Thursday, March 8, 2018

The Octopus...

My experience as a caregiver ended almost 3 years ago, although it feels like yesterday. Yesterday, because I am still fighting my way out of the destruction. Alzheimer's disease does not care or give favor to anyone. If your family comes in contact with the disease, you become part of the destruction. I have come to think of it as an evil octopus, whom I call Al. Al tries to suck the life out of you. If you are quick enough to start your escape and begin to heal, there is another tentacle attaching itself to you.
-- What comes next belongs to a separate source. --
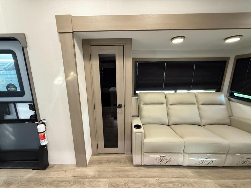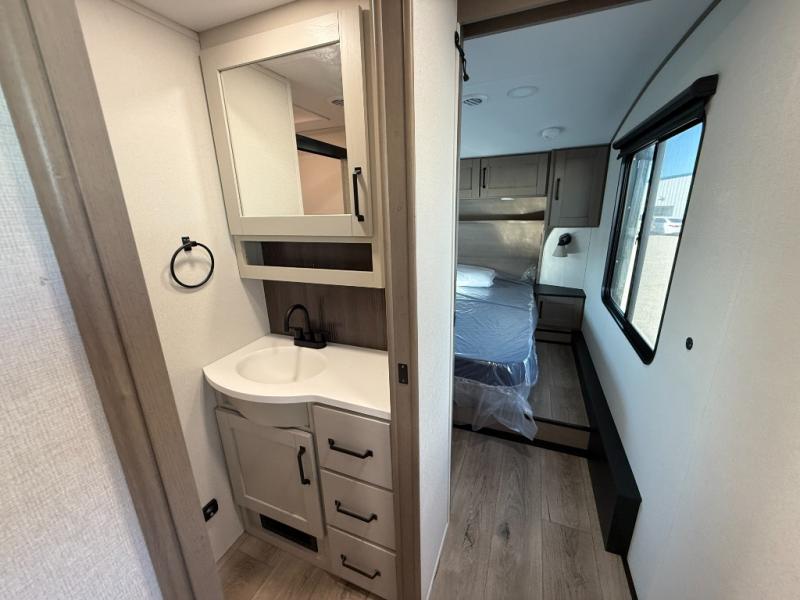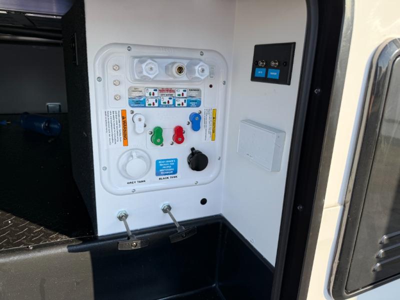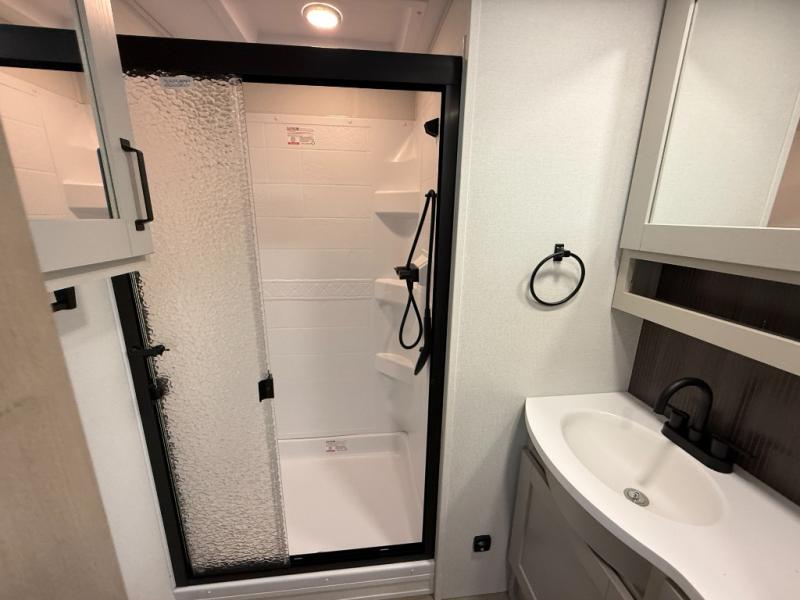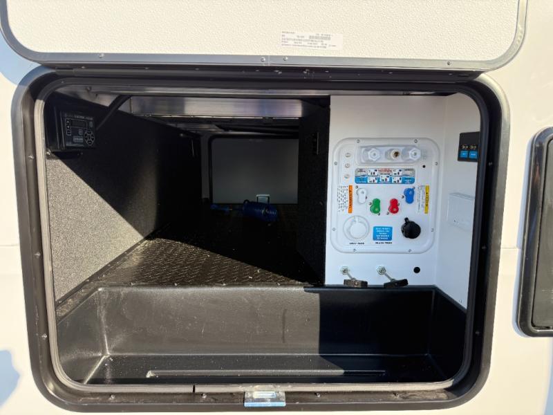 When you are looking for a versatile extra room for either a second bedroom or living area as well as an office, this middle bunkhouse might just work! There is a slide out with two bunks and drawers plus a dresser. You can sleep like a queen on the walk-around bed in the front private bedroom that offers more clothing storage and windows for views. The rear main living and kitchen area provides plenty of seating on the a 78" triple person theater seats, and on the 92" U-shaped lounge with table with windows within the slide for natural lighting and great views. The kitchen island gives the cook more space to make and serve meals, and the gourmet kitchen includes a 16 cu. ft. refrigerator, plus a pantry for dry goods. There is an exterior outside kitchen with a griddle and a 1.6 cu. ft. refrigerator for beverages and such, plus you will find an LP quick connect, Coax TV hookup, and a spray port to wash off your dirty shoes.

There are eight arms on my metaphoric creature:  Faith, Finance, Self worth, Guilt, Anger, Relationships, Health, and Exhaustion. Each one is powerful by itself, but are more effective when they attack the victim in unison, or in pairs. A few are strike and go types of fighters. My faith was attacked, but is strong. My wounds caused by my guilt have mostly healed. Anger has left some healthy scar tissue of acceptance. I've accepted that the relationship that I lost will remain that way.

That leaves a battle with the remaining four- finance, health, self worth and exhaustion. It is so difficult to move ahead when I can't financially provide for my family, when my daughter is supporting us because I can't find a job. That, in turn, leads to a feeling of uselessness. My health is suffering. And here comes exhaustion. That damned Al just leaked all over me with his hidden power and it feels so dark.

I am just so tired of it all. I'm tired of pretending its all okay.

Am I being dramatic? Probably. But, I'm also being realistic. I don't want pity. This is just a continuation of the journey and I need to continue until the story is complete.

Al sucks.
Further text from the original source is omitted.